Anybody living in Bilbao? 

I go there quite a lot and just wondered what people's thought were of living 

there.


----------



## SteveHall (Oct 17, 2008)

I have friends there Sublime Lifestyle Management - Welcome Not sure Richard can cope with the language although his young daughters are growing up totally trilingual - his wife is from there


----------



## Pesky Wesky (May 10, 2009)

SteveHall said:


> I have friends there Sublime Lifestyle Management - Welcome Not sure Richard can cope with the language although his young daughters are growing up totally trilingual - his wife is from there


Interesting business.
The phone number is a Valencia number. Do they work from Valencia or Bilbao?


----------



## SteveHall (Oct 17, 2008)

Pesky Wesky said:


> Interesting business.
> The phone number is a Valencia number. Do they work from Valencia or Bilbao?

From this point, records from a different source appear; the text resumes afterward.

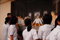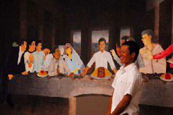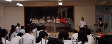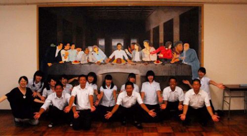 本校の食堂に「最後の晩餐」ならぬ、美術Ⅱ授業選択者13名制作による「最高の晩餐」が展示されました。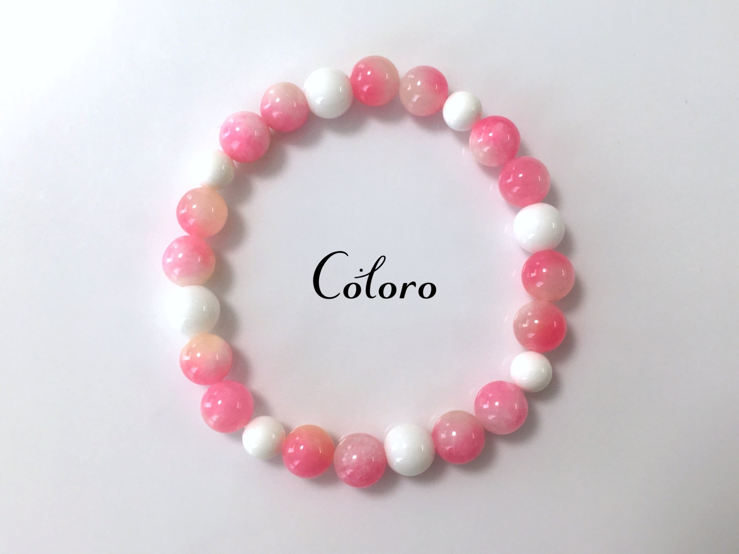 【桃色・白桃】☆白翡翠(染色)・ホワイトオニキス☆パワーストーン(天然石)☆ハンドメイドブレスレット☆イチゴミルク☆苺☆いちご☆チューリップ☆コスモス☆桜☆秋桜☆ピーチ☆果物☆果実☆パステルカラー☆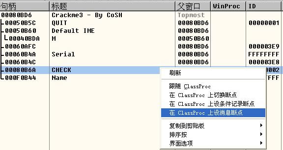 3、用OllyICE打开,点运行程序(弹出程序界面,不理它)--点查看菜单--窗口(点右键刷新一下)--单击“CHECK”那一行--点右键,选消息断点--选“202 WM_LBUTTONUP”--确定,如下图: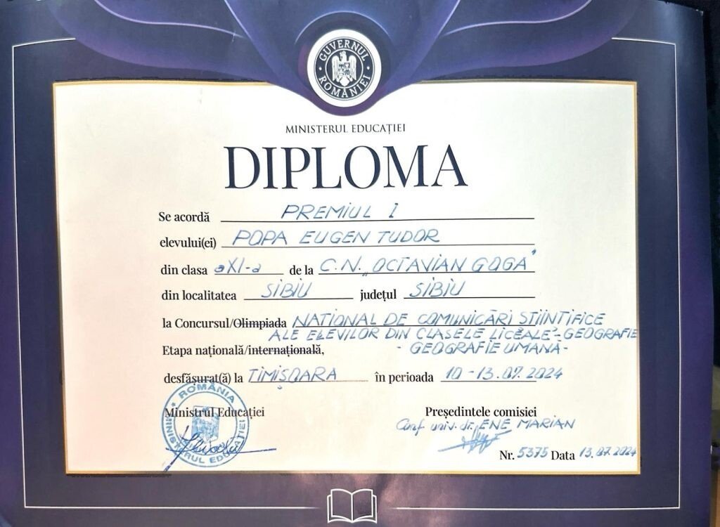 Rezultate deosebite ale elevilor sibieni la faza națională a Sesiunii de comunicări științifice ale elevilor din clasele liceale pentru disciplina geografie – PREMIUL I la secțiunea Geografie Umană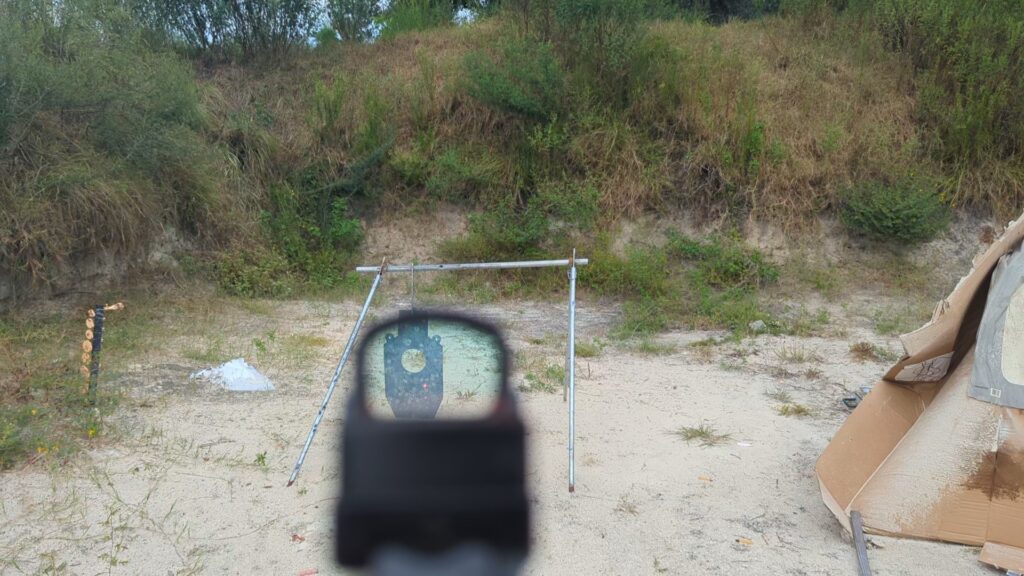 At fifty yards, I was landing the majority of my hits on an IPSC steel target. I was going six for six at times, but at a minimum, I was landing five out of six on target. Keep in mind, this is with a snub-nose revolver with a double-action-only trigger.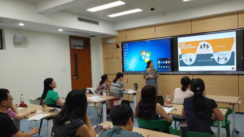 第六場“科技在語言教學中的應用”講座主要展示翻轉課堂的教學模式與傳統課堂的不同以及翻轉課堂的優越性。Tamara教授從分析傳統課堂的局限性如學生過度依賴老師、師生比例、有限的課本知識等出發,提出“PANDA”翻轉課堂課程教學模式并結合時間安排與學生的調研反饋探討翻轉課堂在大學英語教學中的運用。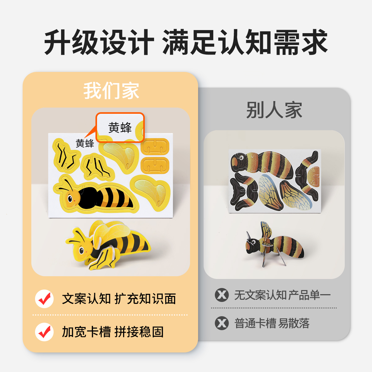 3D趣味昆虫立体拼图儿童创意DIY玩具幼儿园早教手工拼装益智卡片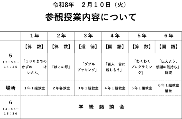 2月10日(火)の参観内容です。当日受付にも掲示させていただきます。

...both. Yes, an interesting business concept.


----------



## guidoschmutzer (Oct 31, 2009)

*bilbao*

Hey!

I just moved to Bilbao and im interested too!
Maybe we can meet and have a chat!

cheers!

guido


----------



## Pesky Wesky (May 10, 2009)

guidoschmutzer said:


> Hey!
> 
> I just moved to Bilbao and im interested too!
> Maybe we can meet and have a chat!
> ...


http://www.expatforum.com/expats/members/canadianspanish.html 
I'm not due in Bilbao again until New Year, but you should get in touch with canadianspanish who lives there and was looking for contacts.
http://www.expatforum.com/expats/members/canadianspanish.html
She doesn't come on the forum much, but you could send her a visitors message or a private message after you've made 5 posts.


----------